■ Task objective
Without the pictures, give the listing below again exactly.

■ Data extract

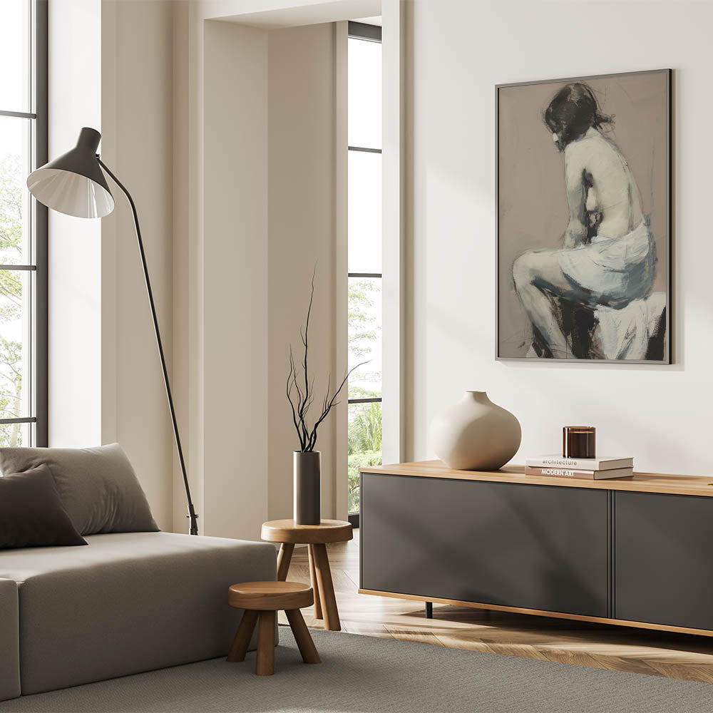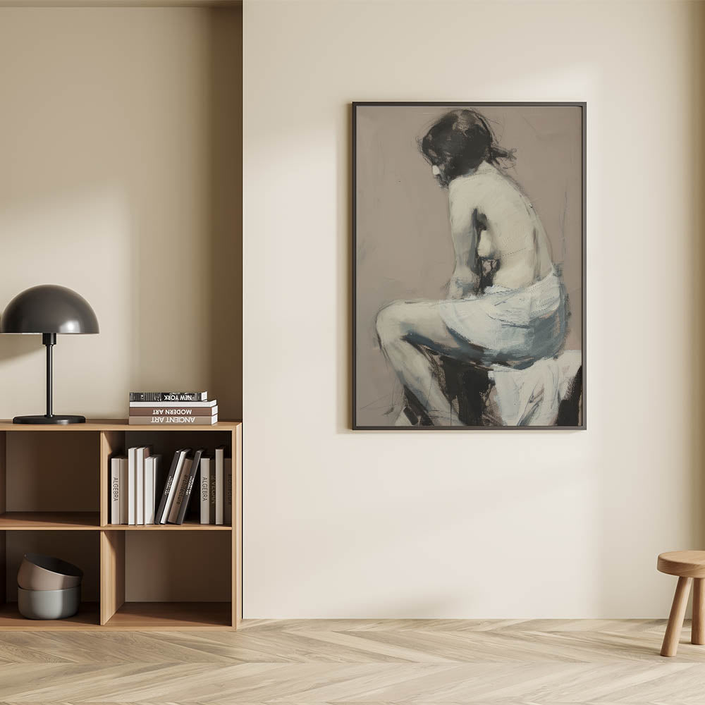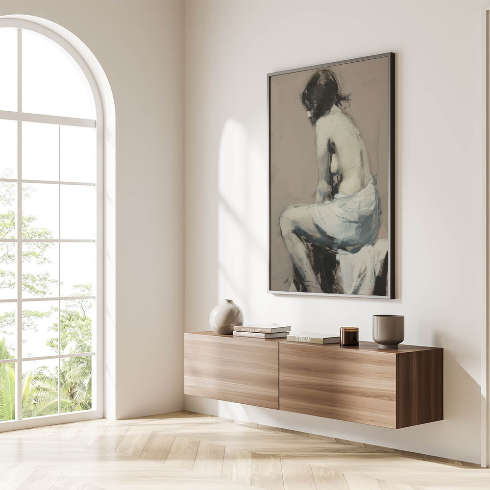 This abstract figurative canvas art presents a pensive female form captured in muted, neutral tones. The soft brushstrokes and bold contrasts create a striking yet serene composition that invites introspection and appreciation of the human figure. This stunning figurative canvas print is ideal for adding elegance and depth to modern or minimalist interiors.
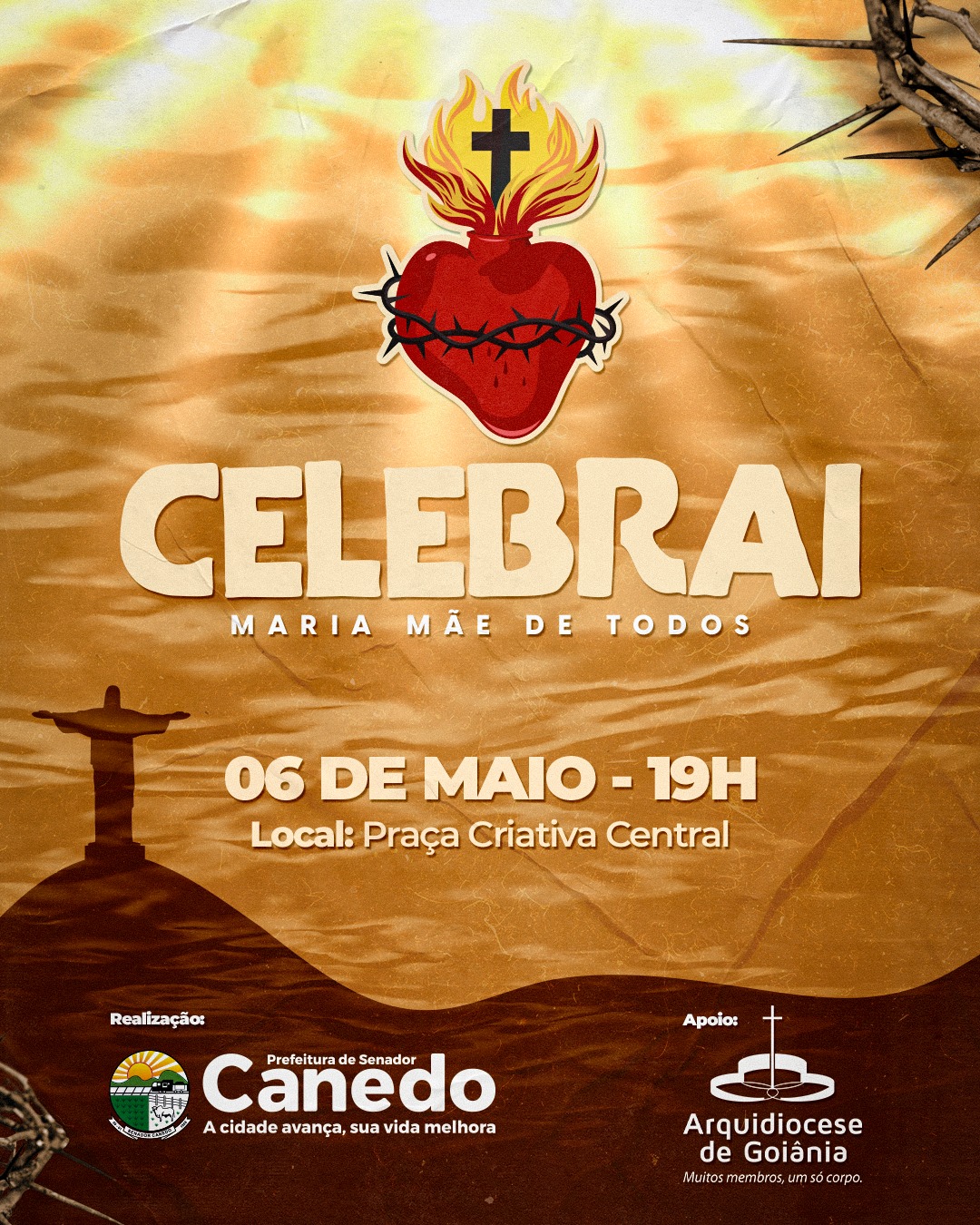 A Prefeitura de Senador Canedo, em parceria com a Arquidiocese de Goiânia, realiza a primeira edição do evento religioso ‘Celebrai’, que busca reunir a comunidade católica por meio de momentos de oração, música e pregação para celebrar a fé.
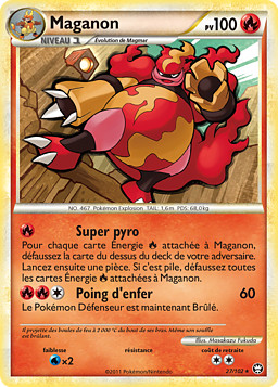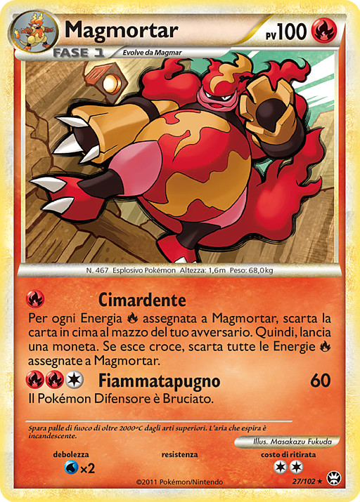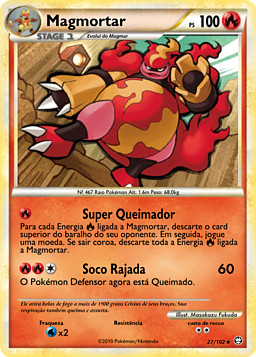 Por cada Energía unida a Magmortar, descarta la carta superior del mazo de tu rival. A continuación, lanza una moneda. Si sale cruz, descarta todas las Energías unidas a Magmortar.

■ Completed task
 This abstract figurative canvas art presents a pensive female form captured in muted, neutral tones. The soft brushstrokes and bold contrasts create a striking yet serene composition that invites introspection and appreciation of the human figure. This stunning figurative canvas print is ideal for adding elegance and depth to modern or minimalist interiors.
 A Prefeitura de Senador Canedo, em parceria com a Arquidiocese de Goiânia, realiza a primeira edição do evento religioso ‘Celebrai’, que busca reunir a comunidade católica por meio de momentos de oração, música e pregação para celebrar a fé.
 Por cada Energía unida a Magmortar, descarta la carta superior del mazo de tu rival. A continuación, lanza una moneda. Si sale cruz, descarta todas las Energías unidas a Magmortar.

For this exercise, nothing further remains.